Tentacles began whipsawing out of the canal like toads’ tongues targeting flies. A low wall stood between the edge of the terrace and the water, but the creatures’ limbs effortlessly breached it: bashing through, or wrenching off, the marble balustrades. Arms kept snapping upward, sweeping bodies down the steps and into the water where they could be devoured.
Guy watched one tentacle coil around the leg of a svelte woman in a yellow gown and pull it out from under her—clear off the rest of her body—and carry it away. Another arm bolted straight through a man’s back as he ran up the steps, skewering him.

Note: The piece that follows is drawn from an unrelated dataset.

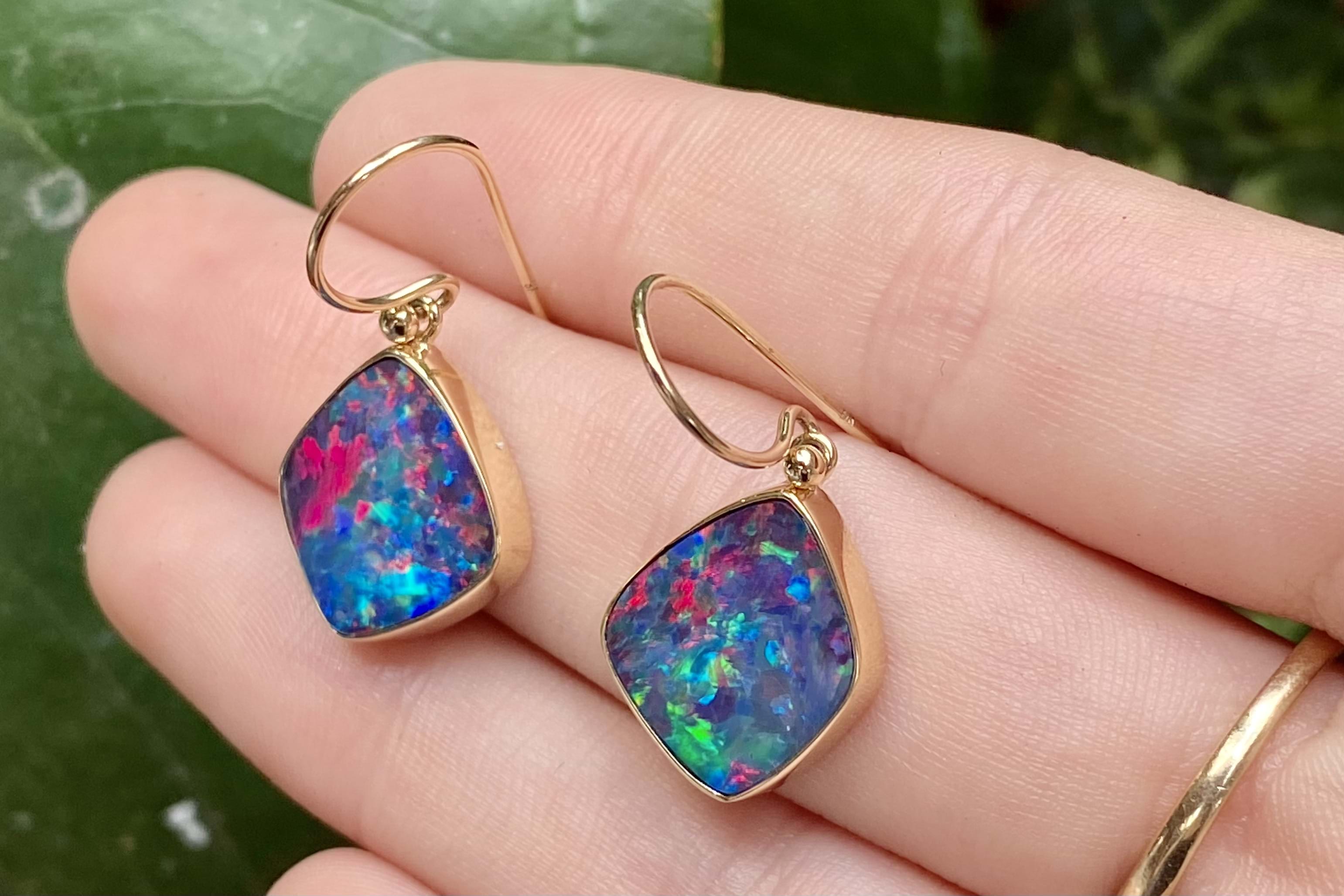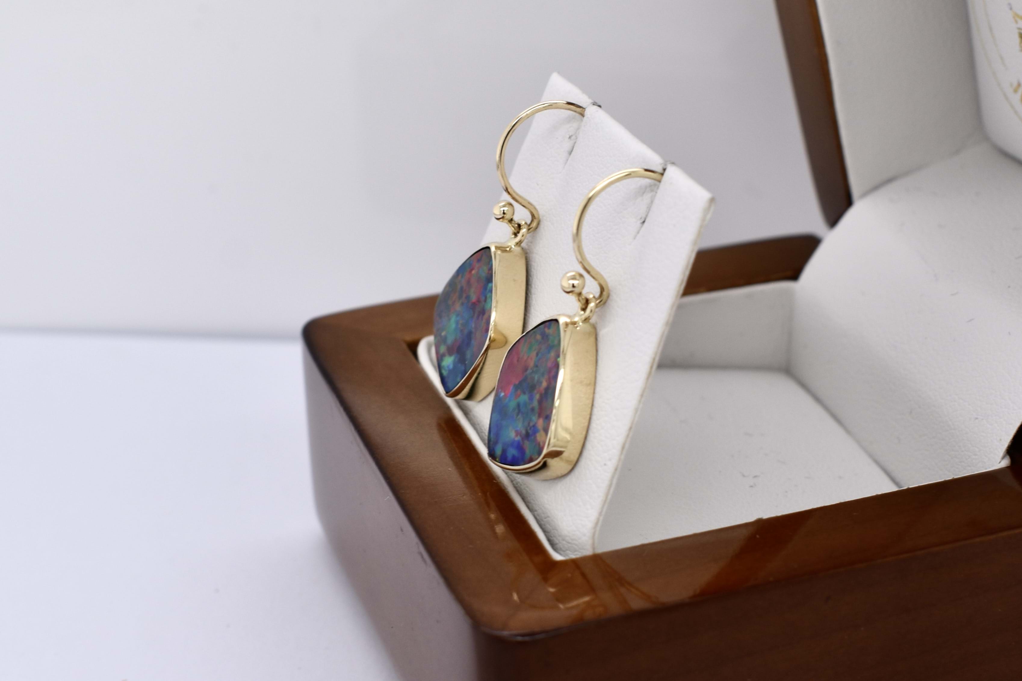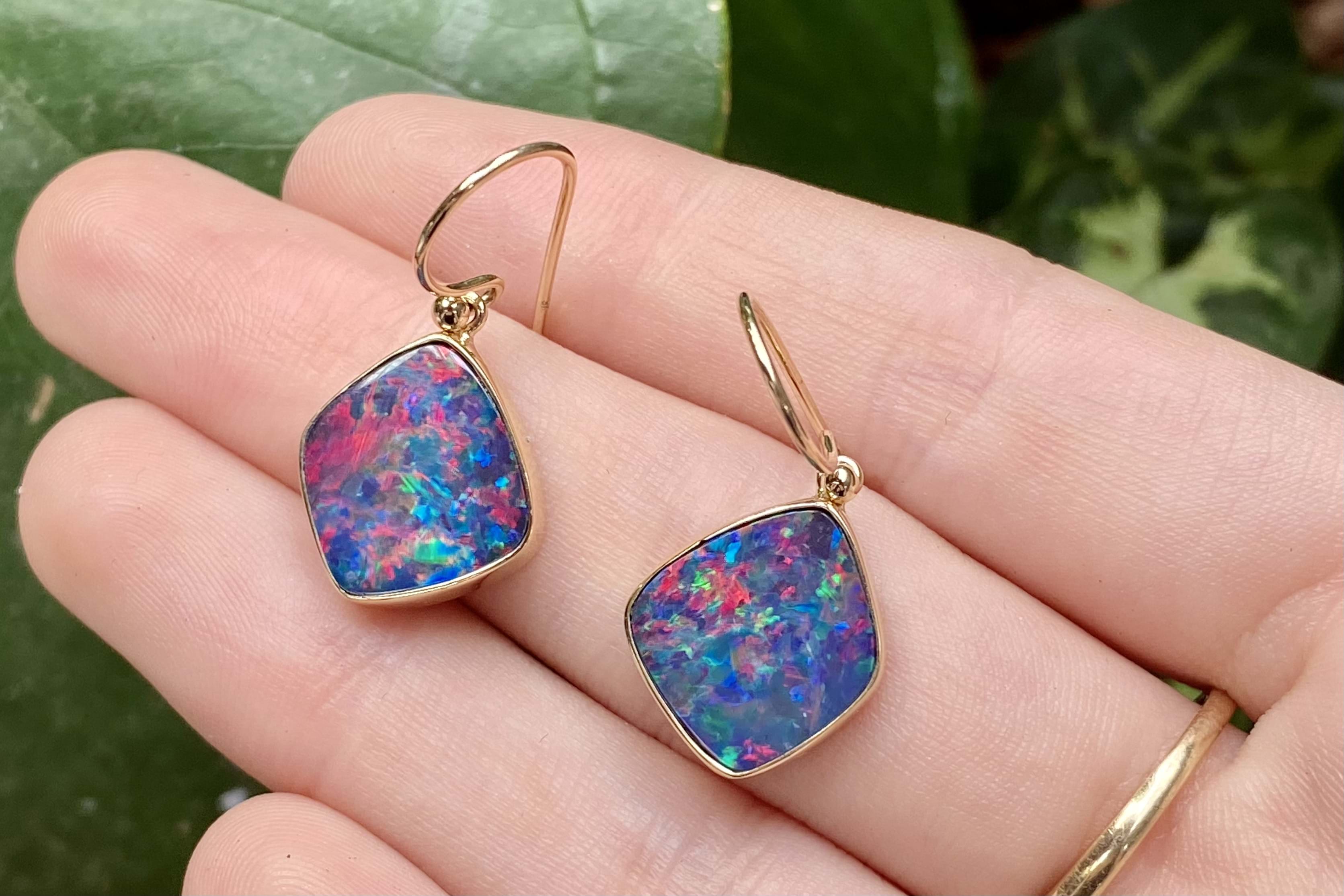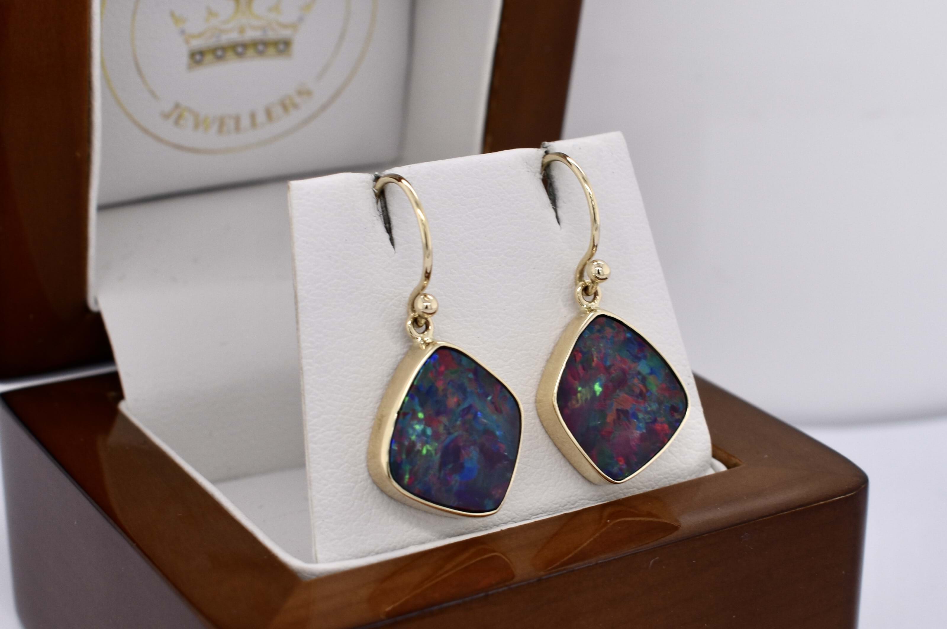 Absolutely stunning pair of freeform shaped drops, featuring approx. 15.0x13.5mm Coober Pedy opal doublets. The doublet consisting of Coober Pedy opal (on top) with a boulder opal backing. These opals are dark with pretty flashes of red, pink and orange throughout. They are bezel set in 9ct yellow gold with shepherd hook fittings.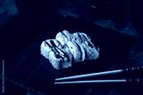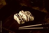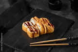 Crispy Tempura Roll with Unagi Sauce and Shrimp on Black Slate Plate

Another clenched a waiter so tightly around the chest that the man’s insides appeared to burst through his ribcage; a dark purple gristle—his entrails—gurgled out of his mouth.
The people did their best to scatter and hide. Some turned over tables or hunkered behind the bar. Some threw plates or chairs at the skeefs. A few hugged the walls while the tips of tentacles probed their bodies, trying to find purchase. Guy watched one, finding no easy way to grasp a particular woman, finally rear back and compact her into the building with a crackling squish.
The pullulating and squirming; the soulless ferocity with which the animals teemed—Guy saw all of it, sizing up the entire sickening theater of war.
“Jesus, Rondack.” Benny said. “What’s the plan?”
“No plan,” he said. “We’re exterminators—that’s all.”
They revved their gondos and peeled forward into the fray.
in CHAPTER 11!
Alessandro hunched down in his gondola, wrenching back his oar with maximum leverage to turn his boat and retreat.
But his long, stiff, wooden craft was only barely beginning to swivel when he recognized that it was too late.